Figure 1.

The essence of ferroptosis is iron-dependent lipid peroxidation. Fe³⁺ circulating in the bloodstream is endocytosed as the Fe³⁺-TF-TFR1 complex. In the cell, Fe³⁺ is dissociated from TF and is reduced to Fe²⁺ by STEAP3, and Fe²⁺ is stored in ferritin. NCOA4 promotes Fe²⁺ to be released from ferritin and enters the labile iron pool, which participates in multiple cellular processes and the Fenton reaction. The phospholipids containing PUFA chain are generated from PUFAs by ACSL4 and LPCAT3, which are peroxidized through the Fenton reaction to form toxic lipid hydroperoxides. The process of lipid peroxidation is antagonized by the GSH-GPX4 pathway. System x_c⁻ transports cystine into the cell, which is reduced to cysteine, the rate-limiting precursor of GSH. GPX4 uses GSH as a cofactor to convert lipid hydroperoxides to nontoxic lipid alcohols, thereby inhibiting ferroptosis.
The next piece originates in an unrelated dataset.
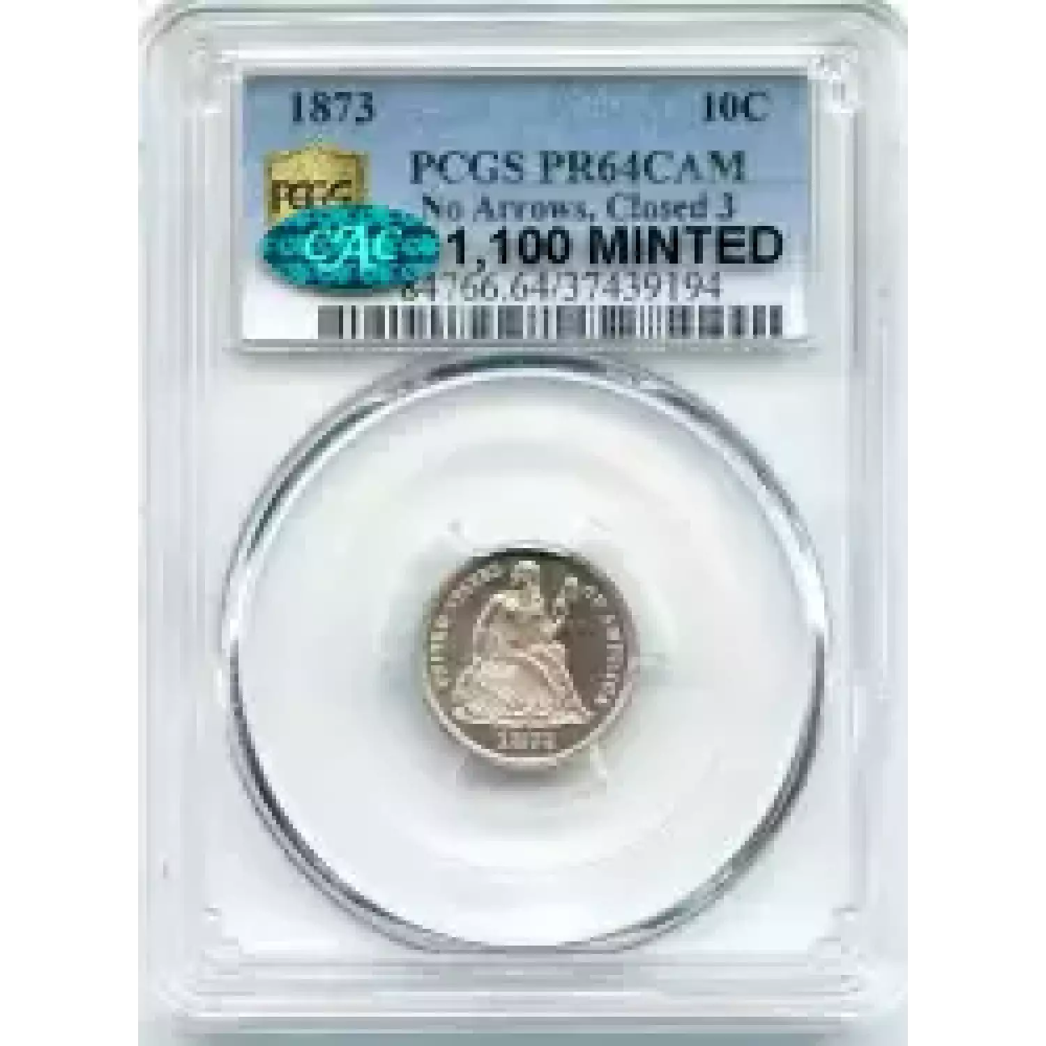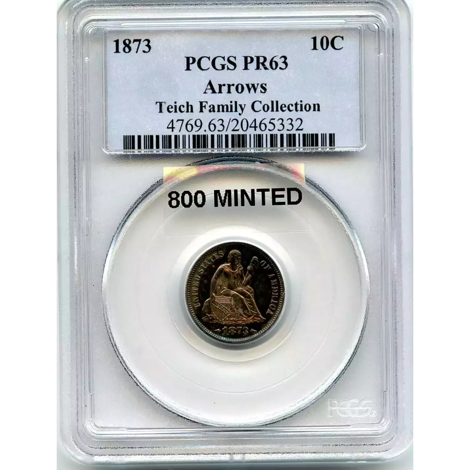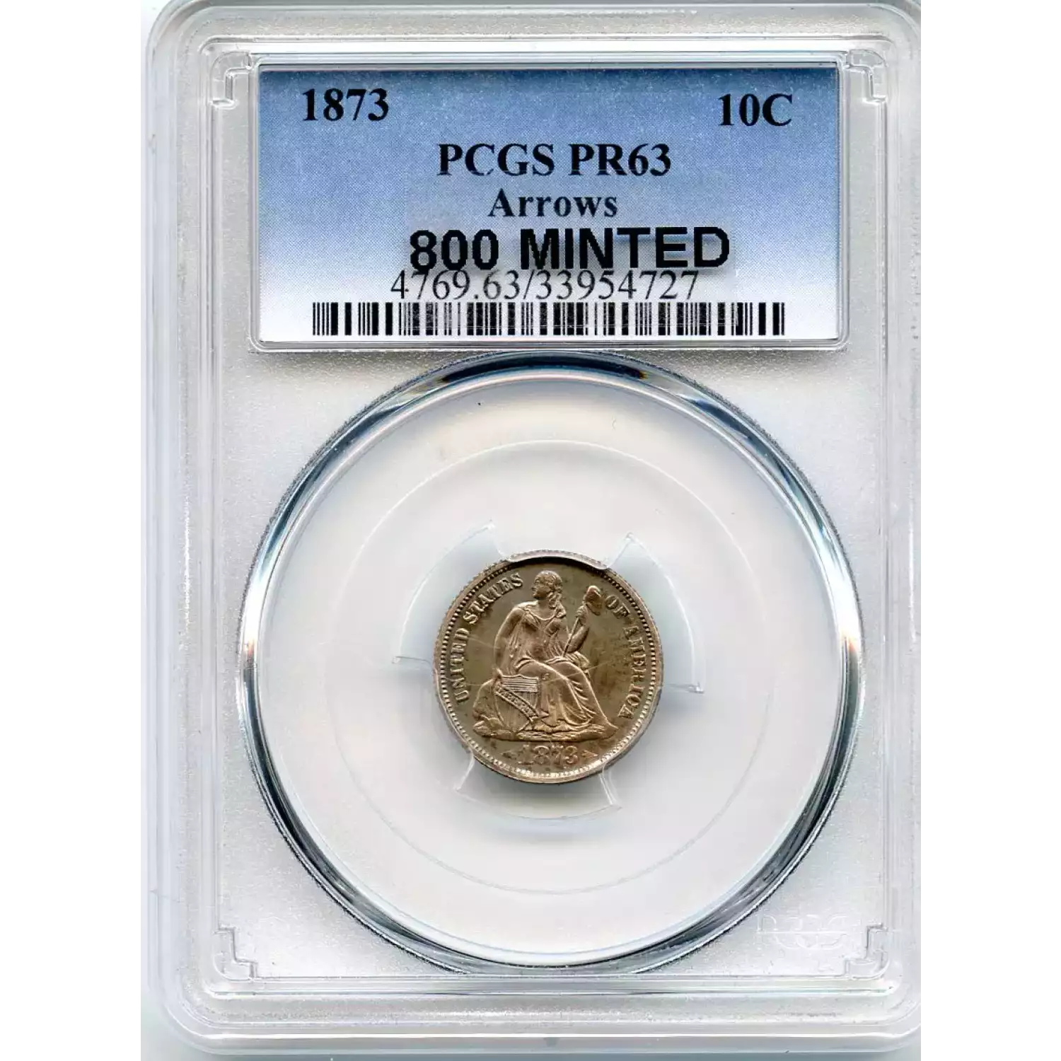 511259 | 1873-PR-63 Liberty Seated Dime PCGS PR-63 | PCGS | PR-63 | Sold: 06/01/2019 | $675 |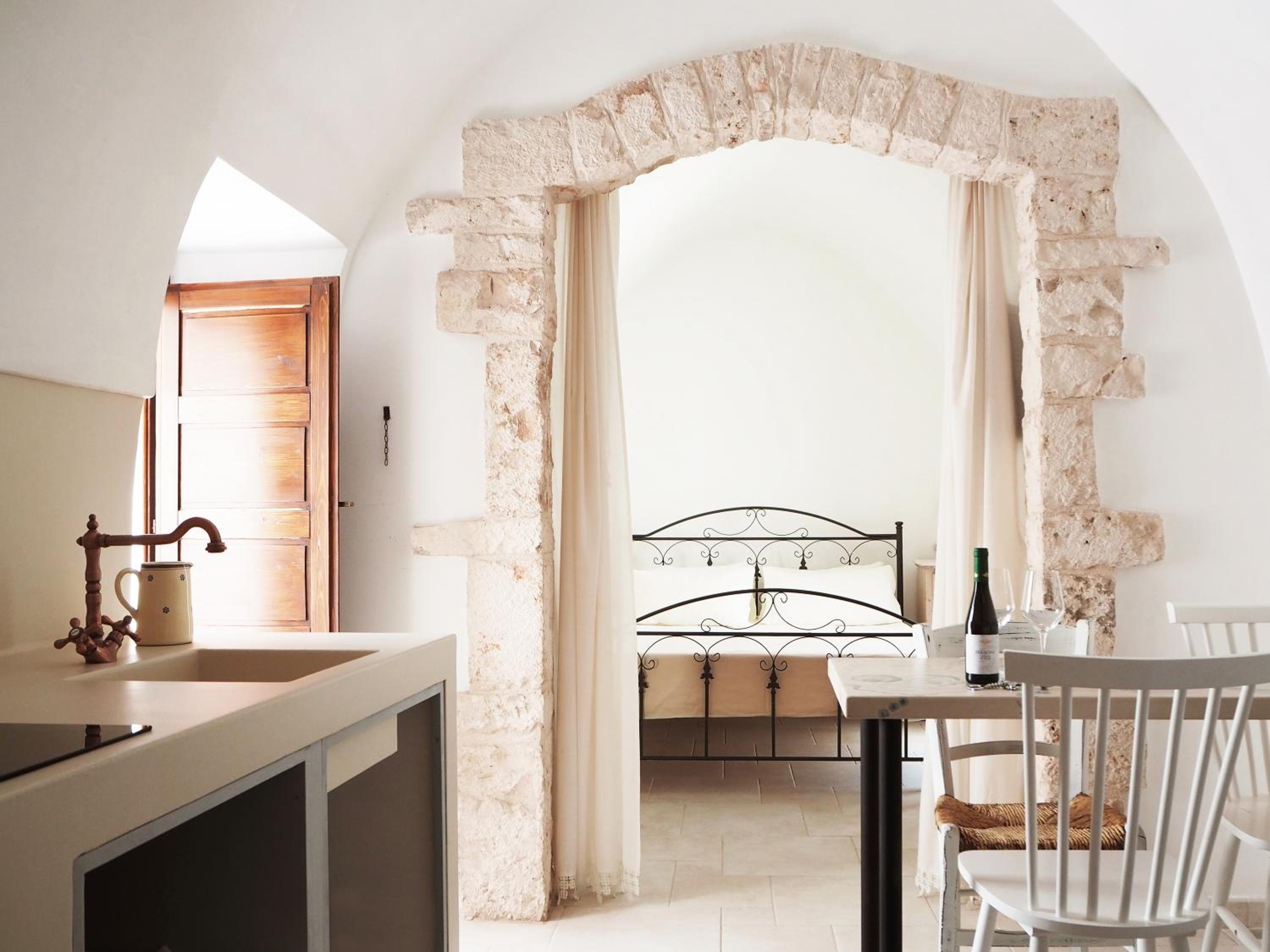 La struttura originale della casa, un edificio tipico del centro di Locorotondo, è stata conservata con estrema cura e amore; tutto ciò che è stato aggiunto come arredamento e servizi, per rendere l'alloggio confortevole e moderno, armonizza con l'assetto storico e anzi esalta materiali e forme della tradizione. Ne deriva un'atmosfera di immersione nel luogo di cui si è ospiti, e allo stesso tempo ci si sente accarezzati da un'ospitalità squisita, in uno spazio reso veramente confortevole.

ACSL4, acyl-CoA synthetase long-chain family member 4; Fe³⁺, ferric iron; Fe²⁺, ferrous iron; GPX4, glutathione peroxidase 4; GSH, glutathione; LPCAT3, lysophosphatidylcholine acyltransferase 3; NCOA4, nuclear receptor coactivator 4; PLOOH, phospholipid hydroperoxides; PL-PUFA, phospholipid containing polyunsaturated fatty acid chain; PUFA, polyunsaturated fatty acid; SLC40A1, solute carrier family 40 member 1 (also known as ferroportin); STEAP3, six-transmembrane epithelial antigen of prostate 3; TF, transferrin; TFR1, TF receptor 1.